Integer overflows are not like most common bug classes.  They do not allow
direct overwriting of memory or direct execution flow control, but are much
more subtle.  The root of the problem lies in the fact that there is no way
for a process to check the result of a computation after it has happened,
so there may be a discrepancy between the stored result and the correct
result.  Because of this, most integer overflows are not actually
exploitable.  Even so, in certain cases it is possible to force a crucial
variable to contain an erroneous value, and this can lead to problems later
in the code.

Because of the subtlety of these bugs, there is a huge number of situations
in which they can be exploited, so I will not attempt to cover all
exploitable conditions.  Instead, I will provide examples of some
situations which are exploitable, in the hope of inspiring the reader in
their own research :)

Example 1:

    /* width1.c - exploiting a trivial widthness bug */
    #include <stdio.h>
    #include <string.h>

    int main(int argc, char *argv[]){
            unsigned short s;
            int i;
            char buf[80];

            if(argc < 3){
                    return -1;
            }

            i = atoi(argv[1]);
            s = i;

            if(s >= 80){            /* [w1] */
                    printf("Oh no you don't!\n");
                    return -1;
            }

            printf("s = %d\n", s);

            memcpy(buf, argv[2], i);
            buf[i] = '\0';
            printf("%s\n", buf);

            return 0;
    }


While a construct like this would probably never show up in real life code,
it serves well as an example.  Take a look at the following inputs:

    nova:signed {100} ./width1 5 hello
    s = 5
    hello
    nova:signed {101} ./width1 80 hello
    Oh no you don't!
    nova:signed {102} ./width1 65536 hello
    s = 0
    Segmentation fault (core dumped)

The length argument is taken from the command line and held in the integer
i.  When this value is transferred into the short integer s, it is
truncated if the value is too great to fit into s (i.e. if the value is
greater than 65535).  Because of this, it is possible to bypass the bounds
check at [w1] and overflow the buffer.  After this, standard stack smashing
techniques can be used to exploit the process.

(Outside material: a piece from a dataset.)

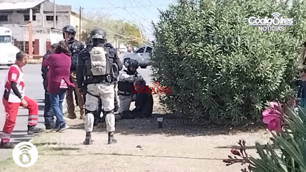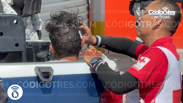 Por el lugar pasaba la Guardia Nacional por lo que con un botiquín intervinieron para curar al lesionado y en el aseguramiento del otro sujeto en lo que llegaban elementos de Seguridad Pública. Quienes hicieron una fuerte presencia con 4 unidades motorizadas y una patrulla en la que se llevaron al sospechoso.
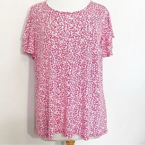 Adrianna Papell Ruffle Tiered Short Sleeve Pink Floral Slinky Knit Top. Size 1X. Chic pink floral top with short sleeves. Ideal for casual wear. Soft and stylish.

----[ 2.2 Arithmetic overflows

As shown in section 2.0, if an attempt is made to store a value in an
integer which is greater than the maximum value the integer can hold, the
value will be truncated.  If the stored value is the result of an
arithmetic operation, any part of the program which later uses the result
will run incorrectly as the result of the arithmetic being incorrect.
Consider this example demonstrating the wrap around shown earlier:

    /* ex2.c - an integer overflow */
    #include <stdio.h>

    int main(void){
            unsigned int num = 0xffffffff;

            printf("num is %d bits long\n", sizeof(num) * 8);
            printf("num = 0x%x\n", num);
            printf("num + 1 = 0x%x\n", num + 1);

            return 0;
    }
    /* EOF */

The output of this program looks like this:

    nova:signed {4} ./ex2
    num is 32 bits long
    num = 0xffffffff
    num + 1 = 0x0

Note:
The astute reader will have noticed that 0xffffffff is decimal -1, so it
appears that we're just doing
1 + (-1) = 0
Whilst this is one way at looking at what's going on, it may cause some
confusion since the variable num is unsigned and therefore all arithmetic
done on it will be unsigned.  As it happens, a lot of signed arithmetic
depends on integer overflows, as the following demonstrates (assume both
operands are 32 bit variables):

-700       + 800   = 100
0xfffffd44 + 0x320 = 0x100000064

Since the result of the addition exceeds the range of the variable, the
lowest 32 bits are used as the result.  These low 32 bits are 0x64, which
is equal to decimal 100.
</note>

Since an integer is signed by default, an integer overflow can cause a
change in signedness which can often have interesting effects on subsequent
code.  Consider the following example:

    /* ex3.c - change of signedness */
    #include <stdio.h>

    int main(void){
            int l;

            l = 0x7fffffff;

            printf("l = %d (0x%x)\n", l, l);
            printf("l + 1 = %d (0x%x)\n", l + 1 , l + 1);

            return 0;
    }
    /* EOF */

The output of which is:

    nova:signed {38} ./ex3
    l = 2147483647 (0x7fffffff)
    l + 1 = -2147483648 (0x80000000)

Here the integer is initialised with the highest positive value a signed
long integer can hold.  When it is incremented, the most significant bit
(indicating signedness) is set and the integer is interpreted as being
negative.

Addition is not the only arithmetic operation which can cause an integer to
overflow.  Almost any operation which changes the value of a variable can
cause an overflow, as demonstrated in the following example:

    /* ex4.c - various arithmetic overflows */
    #include <stdio.h>

    int main(void){
            int l, x;

            l = 0x40000000;

            printf("l = %d (0x%x)\n", l, l);

            x = l + 0xc0000000;
            printf("l + 0xc0000000 = %d (0x%x)\n", x, x);

            x = l * 0x4;
            printf("l * 0x4 = %d (0x%x)\n", x, x);

            x = l - 0xffffffff;
            printf("l - 0xffffffff = %d (0x%x)\n", x, x);

            return 0;
    }
    /* EOF */

Output:

    nova:signed {55} ./ex4
    l = 1073741824 (0x40000000)
    l + 0xc0000000 = 0 (0x0)
    l * 0x4 = 0 (0x0)
    l - 0xffffffff = 1073741825 (0x40000001)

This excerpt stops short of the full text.